Work item
An exact reproduction is needed of every line from the beginning of the data down to and including the line that contains "ত্রয়োদশ জাতীয় সংসদের", minus the pictures.

───── Record excerpts

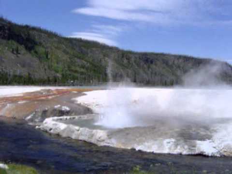 這一區最有名的就是Steamboat Geyser蒸汽船噴泉,它是世界最高的活溫泉,水柱可高達90公尺,光是噴完後的蒸氣聲就可以轟隆隆地響個好幾小時,可見能量有多大。
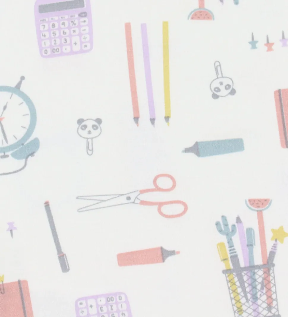 Fine Joha trusser i hvid med et alloverprint af forskellige skoleartikler og rosa kanter. Trusserne har en elastisk talje, som giver en god pasform.
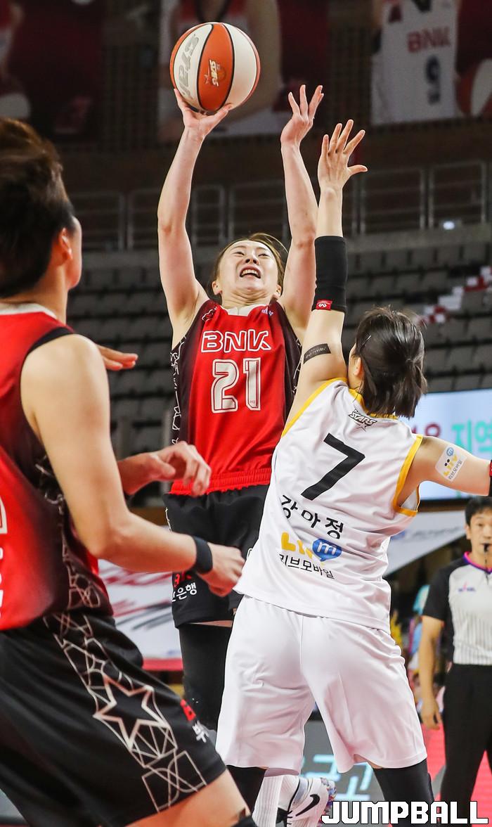 14일 스포원파크 BNK센터에서 열린 부산 BNK와 청주 KB스타즈의 홈 경기에서 BNK 김진영이 KB 강아정의 수비를 피해 슛을 하고 있다.
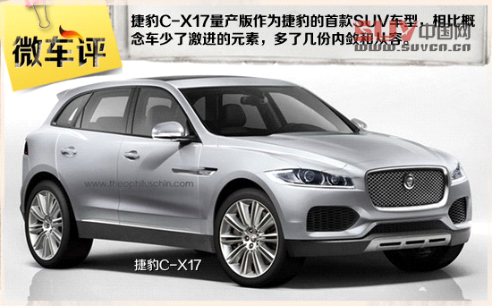 外觀方面:從假想圖看,C-X17量產版車型基本延續了其概念車型的設計理念,車前臉采用捷豹全新家族式設計理念,細節部分更為低調內斂,前大燈LED樣式、底部防擦板、后包圍等部分都沒有概念車那么激進。
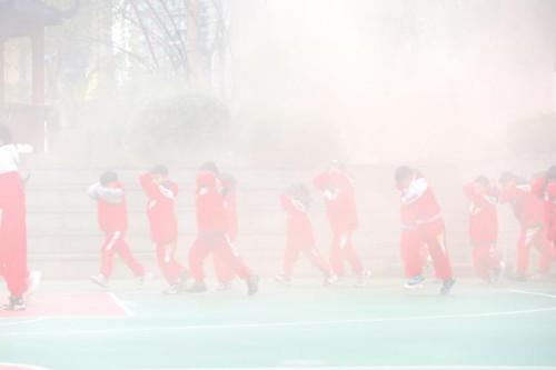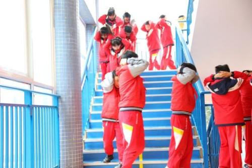 短暂避险后,二次警报拉响——撤离信号来了!“弯腰!护头!贴墙走!”师生们按照预定路线,快速、有序向操场指定区域撤离,全程紧张而不慌乱。
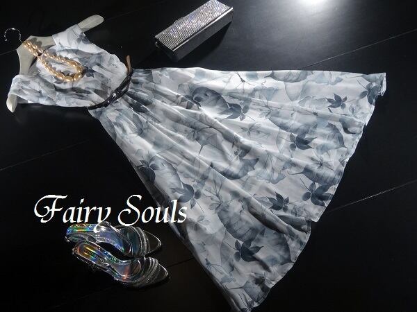 やさしい色合いのロング丈のワンピース。淡い白地に、グレーのグラデーションで描いた大柄な花模様がいっぱいに広がり、ウエストの細い黒のベルトが全体をキュッと引き締めています。しなやかで優雅な一着です。背中ファスナー。ベルト付き。裏地有り。
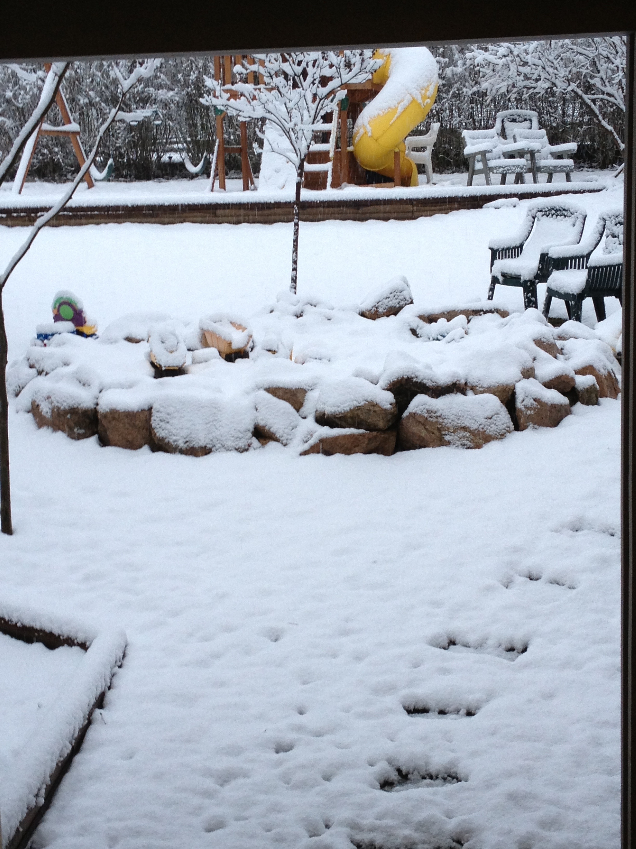 Last night at 6pm, we have friends over to play in the backyard in the sandbox and tree fort(sans mitts, snow pants, boots…).
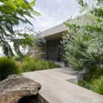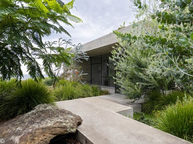 Rather than presenting as a conventional dwelling, the project is planned so that arrival at the house is experienced as arrival at a garden, reflecting the way natural headlands frame the beaches they overlook.
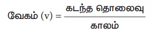 வேகம் (v) = கடந்த தொலைவு (d) / காலம் (t)
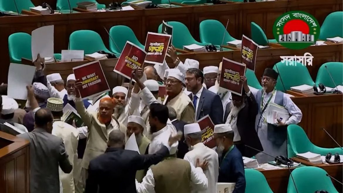 ত্রয়োদশ জাতীয় সংসদের প্রথম অধিবেশনে রাষ্ট্রপতির ভাষণের প্রতিবাদ জানিয়ে সংসদ কক্ষ ত্যাগ (ওয়াকআউট) করেছেন বিরোধী দল জামায়াতে ইসলামীসহ ১১ দলীয় জোটের সংসদ সদস্যরা।
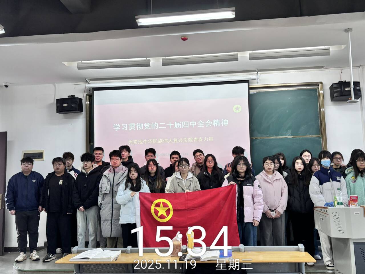 为深入学习贯彻党的二十届四中全会精神,引导青年学子将个人理想融入国家发展大局,2025年11 月 19 日,会计 2405 团支部在教1-409以 “学习贯彻党的二十届四中全会精神,为实现中华民族伟大复兴贡献青春力量” 为主题,开展了一场内容丰富、意义深远的团日活动。
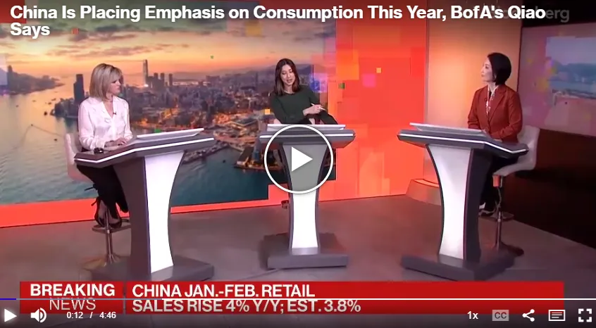 觀看視頻:美國銀行Helen Qiao稱零售數據處於"良好舒適區間"。政策制定者提振低迷消費支出的一個關鍵舉措是針對多種商品的以舊換新計劃。最新數據顯示該方案正在見效,從傢俱到家電的各類商品銷售額均有所上升。
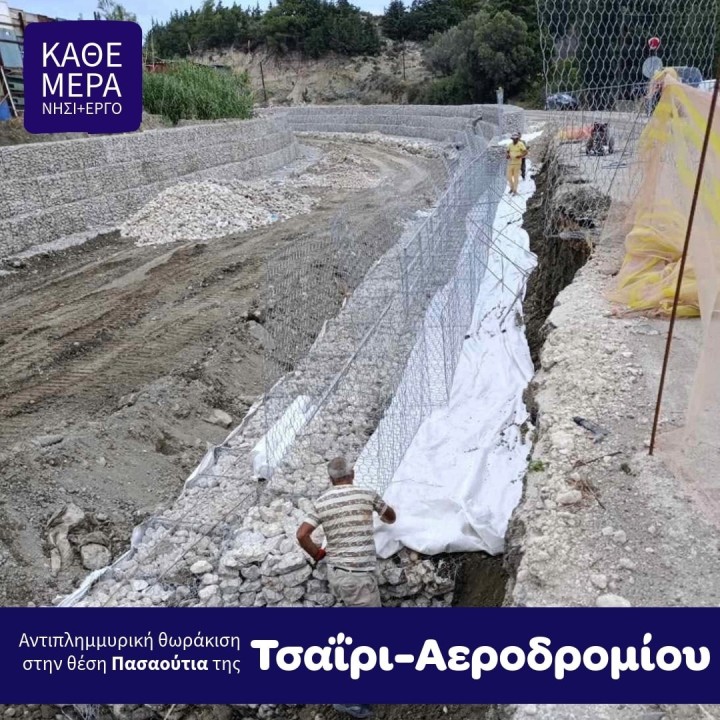 «Καλημέρα. Στη θέση Πασαούτια της επαρχιακής οδού Τσαΐρι-Αεροδρομίου στην Ρόδο, αντιμετωπίσαμε την πιο επικίνδυνη βλάβη που μας άφησε η θεομηνία “Bora”. Πιο επικίνδυνη, γιατί εξ αυτής κινδύνευσε η Ρόδος να μείνει χωρίς έναν κεντρικό οδικό άξονα της μέσα στην τουριστική περίοδο του '25. Τον αντιμετωπίσαμε αυτόν τον κίνδυνο άμεσα και χωρίς η λεωφόρος Τσαΐρι-Αεροδρομίου να κλείσει ούτε ώρα. Σήμερα, τα έργα στην θέση Πασαούτια αυτής της οδού έχουν προχωρήσει πολύ και όπως σε όλα τα μέτωπα που ταυτόχρονα δουλεύουμε, η πρόοδος μάς δίνει δύναμη. Δύναμη για τη συνέχεια στα αντιπλημμυρικά έργα, στο νησί που ιστορικά δοκιμάζεται περισσότερο από οποιοδήποτε άλλο από πλημμυρικά φαινόμενα και στο οποίο το τελευταίο μόνο διάστημα είτε έχουν ήδη ολοκληρωθεί, είτε βρίσκονται σε εξέλιξη τα περισσότερα και μεγαλύτερα αντιπλημμυρικά έργα στην ιστορία του. Συνεχίζουμε, μόνο με σκληρή δουλειά.»
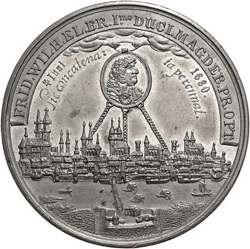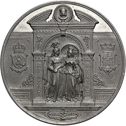 Los-Nummer: Auktion 51 - 570 Altdeutsche Münzen und Medaillen Brandenburg-Preußen Wilhelm I. 1861-1888, Zinnmedaille 1880, von Held. Auf die 200jährige Zugehörigkeit Magdeburgs zu Preußen. Borussia und Stadtgöttin unter Torbogen / Brustbild des Großen Kurfürsten im Medaillon über Stadtansicht. Slg. Marienburg 6173 (Br.). 50,5 mm, 55,80 g. Vorzüglich Schätzpreis: 100,- Zuschlag: 135,- |
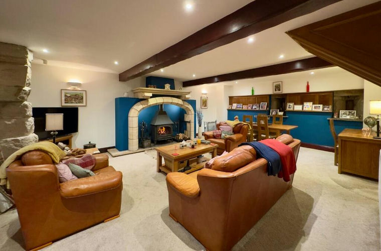 Entering through the front porch,the inner hallway has the staircase leading to the first floor ,stepping left into the main reception room. This impressive room boasts a striking multi-fuel burner set within a large stone feature fireplace beamed ceiling and exposed stonework features. The living room offers excellent versatility, comfortably accommodating lounge furniture, a dining table and even a home-working area. Original mullion windows to the rear further enhance the character of this space.
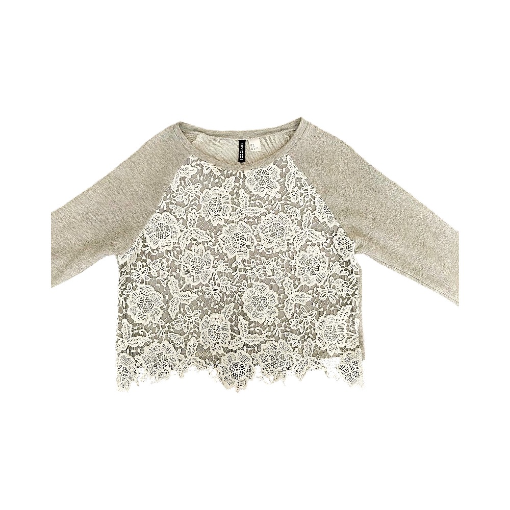 Rento harmaa paita valkoisella pitsikoristeella. 3/4 hihat, cropattu
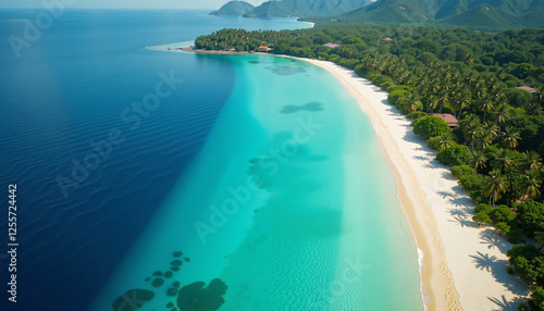 Stunning Aerial View of Tropical Beach Turquoise Water White Sand Palm Trees
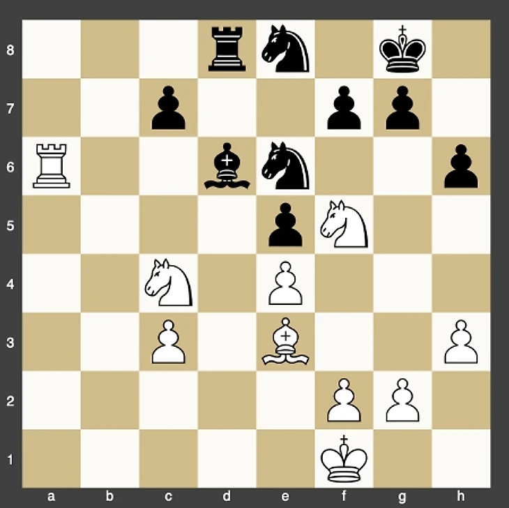 16:15. Чемпион мира быстро сделал ход по первой линии Stockfish – 16...h6, на что почти мгновенно последовало 17.Nf1. Конь белых идет по стандартному «испанскому» маршруту – на g3 или e3, метя на квадраты d5 или f5. Одна из возможностей белых – Ba4 , прогоняя коня с сильной позиции c6.
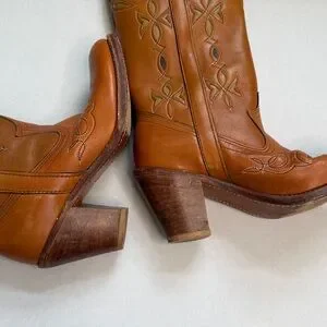 Vintage Dingo Western Heeled Boots Brown Orange Women’s Size 5.5
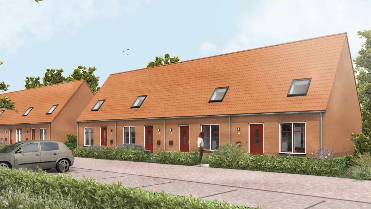 Bij het ontwerp is bewust gekozen voor een uitstraling die aansluit bij de bestaande wijk. De woningen worden uitgevoerd in rode baksteen met een rood pannendak, witte kozijnen en een groene voordeur. Zo passen de nieuwe huizen perfect in het vertrouwde straatbeeld van Garyp.

──────────

Written reply
 這一區最有名的就是Steamboat Geyser蒸汽船噴泉,它是世界最高的活溫泉,水柱可高達90公尺,光是噴完後的蒸氣聲就可以轟隆隆地響個好幾小時,可見能量有多大。
 Fine Joha trusser i hvid med et alloverprint af forskellige skoleartikler og rosa kanter. Trusserne har en elastisk talje, som giver en god pasform.
 14일 스포원파크 BNK센터에서 열린 부산 BNK와 청주 KB스타즈의 홈 경기에서 BNK 김진영이 KB 강아정의 수비를 피해 슛을 하고 있다.
 外觀方面:從假想圖看,C-X17量產版車型基本延續了其概念車型的設計理念,車前臉采用捷豹全新家族式設計理念,細節部分更為低調內斂,前大燈LED樣式、底部防擦板、后包圍等部分都沒有概念車那么激進。
 短暂避险后,二次警报拉响——撤离信号来了!“弯腰!护头!贴墙走!”师生们按照预定路线,快速、有序向操场指定区域撤离,全程紧张而不慌乱。
 やさしい色合いのロング丈のワンピース。淡い白地に、グレーのグラデーションで描いた大柄な花模様がいっぱいに広がり、ウエストの細い黒のベルトが全体をキュッと引き締めています。しなやかで優雅な一着です。背中ファスナー。ベルト付き。裏地有り。
 Last night at 6pm, we have friends over to play in the backyard in the sandbox and tree fort(sans mitts, snow pants, boots…).
 Rather than presenting as a conventional dwelling, the project is planned so that arrival at the house is experienced as arrival at a garden, reflecting the way natural headlands frame the beaches they overlook.
 வேகம் (v) = கடந்த தொலைவு (d) / காலம் (t)
 ত্রয়োদশ জাতীয় সংসদের প্রথম অধিবেশনে রাষ্ট্রপতির ভাষণের প্রতিবাদ জানিয়ে সংসদ কক্ষ ত্যাগ (ওয়াকআউট) করেছেন বিরোধী দল জামায়াতে ইসলামীসহ ১১ দলীয় জোটের সংসদ সদস্যরা।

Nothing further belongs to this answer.